Source data:
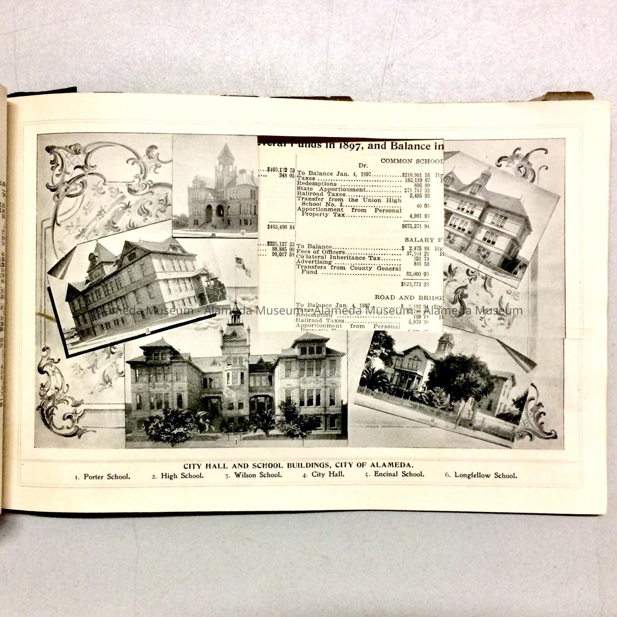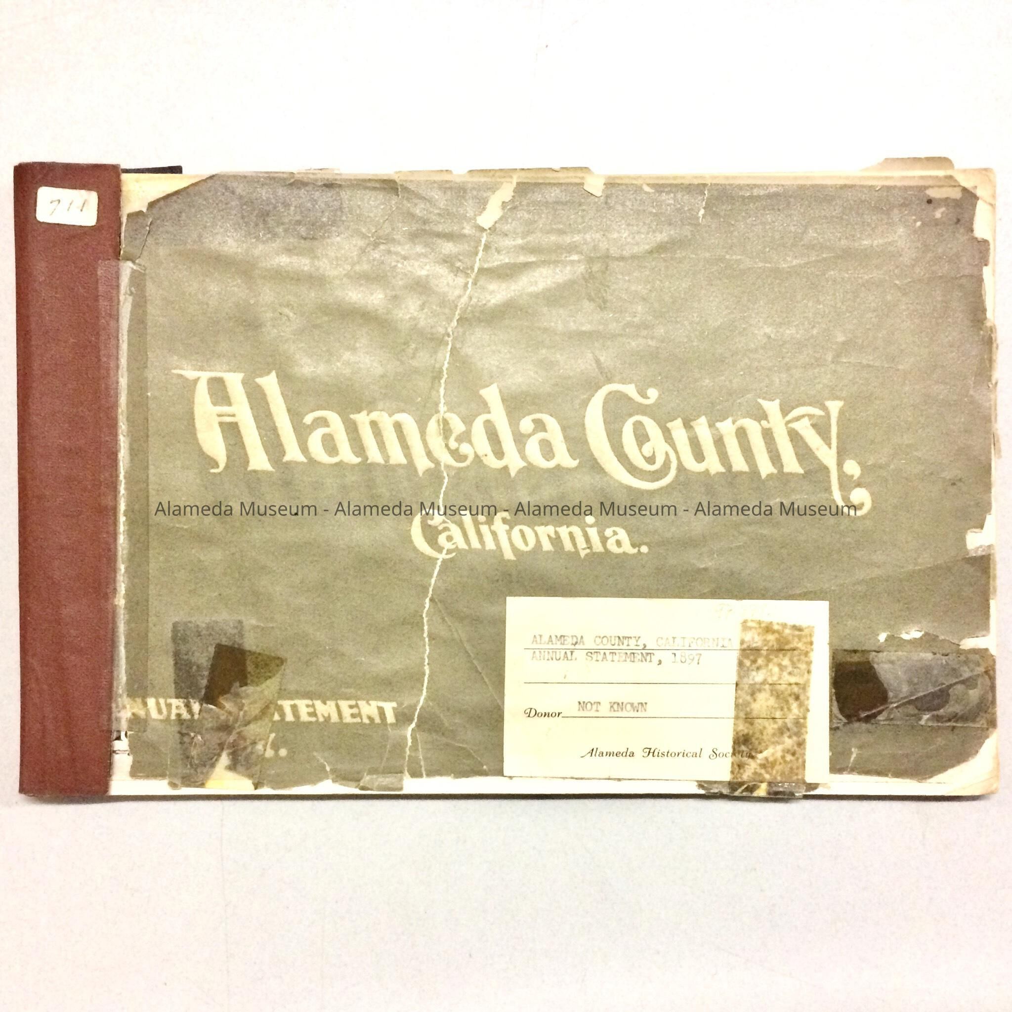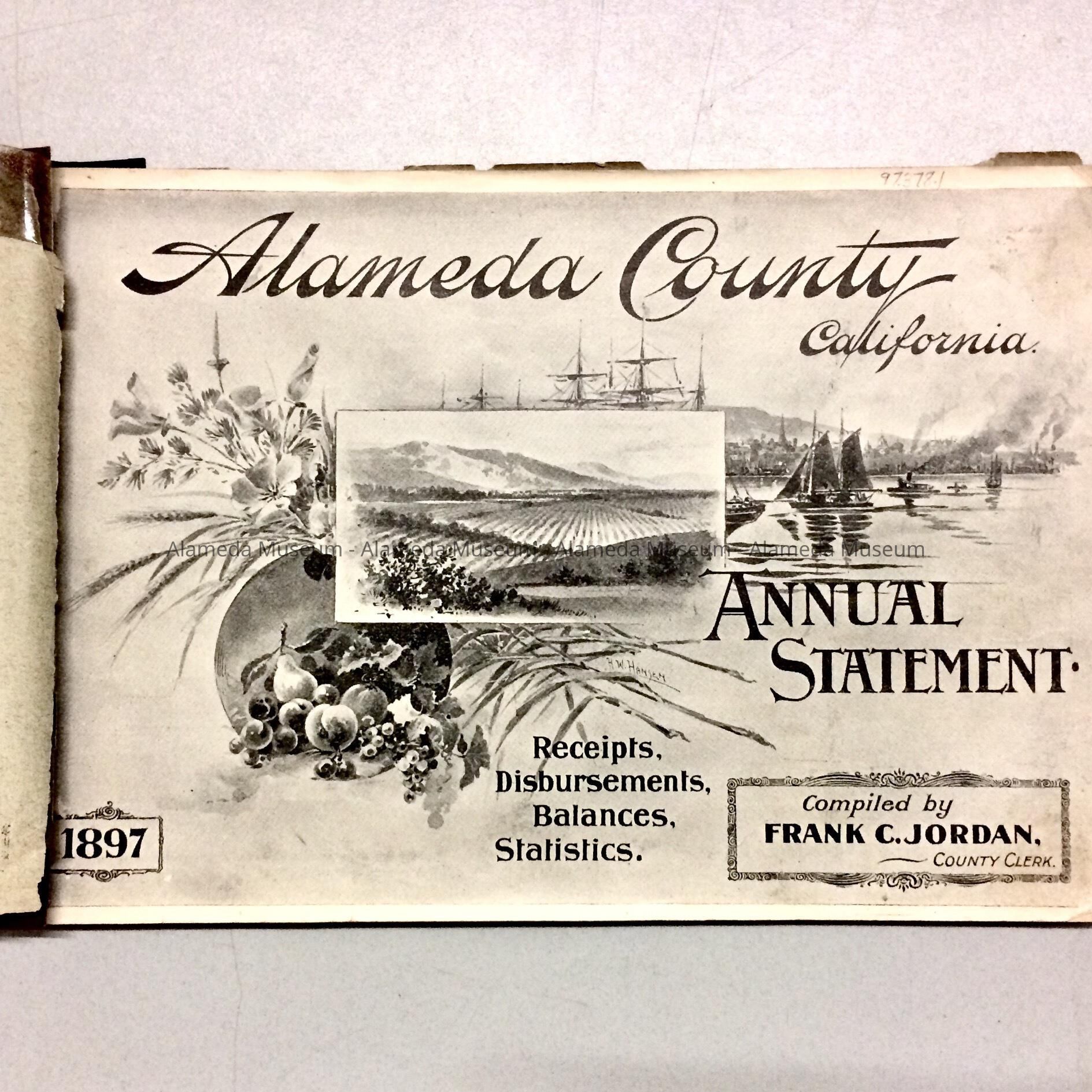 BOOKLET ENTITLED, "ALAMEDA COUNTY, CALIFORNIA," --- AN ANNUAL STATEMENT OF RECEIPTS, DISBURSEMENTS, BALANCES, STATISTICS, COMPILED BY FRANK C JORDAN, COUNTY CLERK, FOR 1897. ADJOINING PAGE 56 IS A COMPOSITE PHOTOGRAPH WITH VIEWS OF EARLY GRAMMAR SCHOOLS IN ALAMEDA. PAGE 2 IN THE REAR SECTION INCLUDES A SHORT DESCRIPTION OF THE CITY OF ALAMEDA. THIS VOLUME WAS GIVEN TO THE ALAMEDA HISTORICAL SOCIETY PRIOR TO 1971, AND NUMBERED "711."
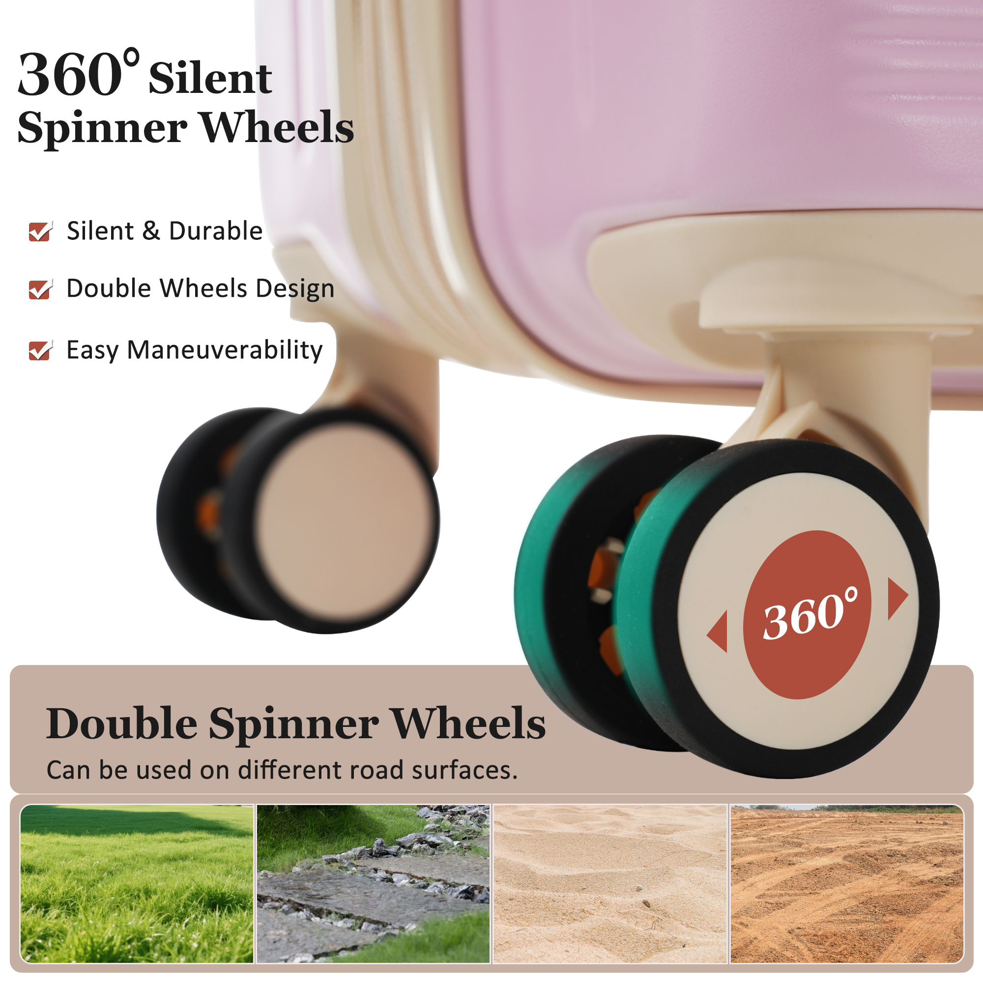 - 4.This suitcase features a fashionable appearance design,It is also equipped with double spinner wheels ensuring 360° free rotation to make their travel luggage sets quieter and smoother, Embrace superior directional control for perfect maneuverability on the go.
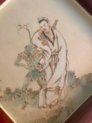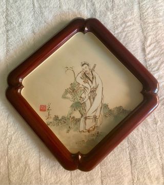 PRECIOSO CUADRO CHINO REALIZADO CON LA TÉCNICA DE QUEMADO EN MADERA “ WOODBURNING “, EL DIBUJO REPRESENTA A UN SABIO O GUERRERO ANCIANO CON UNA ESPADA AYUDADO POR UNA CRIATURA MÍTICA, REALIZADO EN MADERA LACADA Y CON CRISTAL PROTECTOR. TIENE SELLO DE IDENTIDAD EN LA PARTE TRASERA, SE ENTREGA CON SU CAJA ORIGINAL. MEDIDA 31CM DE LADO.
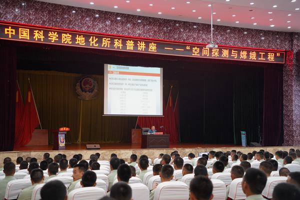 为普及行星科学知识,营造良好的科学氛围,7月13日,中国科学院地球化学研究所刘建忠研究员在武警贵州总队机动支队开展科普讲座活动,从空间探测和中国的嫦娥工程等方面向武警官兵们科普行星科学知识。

Exercise details:
Could the material above be written out again word for word, with the pictures dropped?

Solution:
 BOOKLET ENTITLED, "ALAMEDA COUNTY, CALIFORNIA," --- AN ANNUAL STATEMENT OF RECEIPTS, DISBURSEMENTS, BALANCES, STATISTICS, COMPILED BY FRANK C JORDAN, COUNTY CLERK, FOR 1897. ADJOINING PAGE 56 IS A COMPOSITE PHOTOGRAPH WITH VIEWS OF EARLY GRAMMAR SCHOOLS IN ALAMEDA. PAGE 2 IN THE REAR SECTION INCLUDES A SHORT DESCRIPTION OF THE CITY OF ALAMEDA. THIS VOLUME WAS GIVEN TO THE ALAMEDA HISTORICAL SOCIETY PRIOR TO 1971, AND NUMBERED "711."
 - 4.This suitcase features a fashionable appearance design,It is also equipped with double spinner wheels ensuring 360° free rotation to make their travel luggage sets quieter and smoother, Embrace superior directional control for perfect maneuverability on the go.
 PRECIOSO CUADRO CHINO REALIZADO CON LA TÉCNICA DE QUEMADO EN MADERA “ WOODBURNING “, EL DIBUJO REPRESENTA A UN SABIO O GUERRERO ANCIANO CON UNA ESPADA AYUDADO POR UNA CRIATURA MÍTICA, REALIZADO EN MADERA LACADA Y CON CRISTAL PROTECTOR. TIENE SELLO DE IDENTIDAD EN LA PARTE TRASERA, SE ENTREGA CON SU CAJA ORIGINAL. MEDIDA 31CM DE LADO.
 为普及行星科学知识,营造良好的科学氛围,7月13日,中国科学院地球化学研究所刘建忠研究员在武警贵州总队机动支队开展科普讲座活动,从空间探测和中国的嫦娥工程等方面向武警官兵们科普行星科学知识。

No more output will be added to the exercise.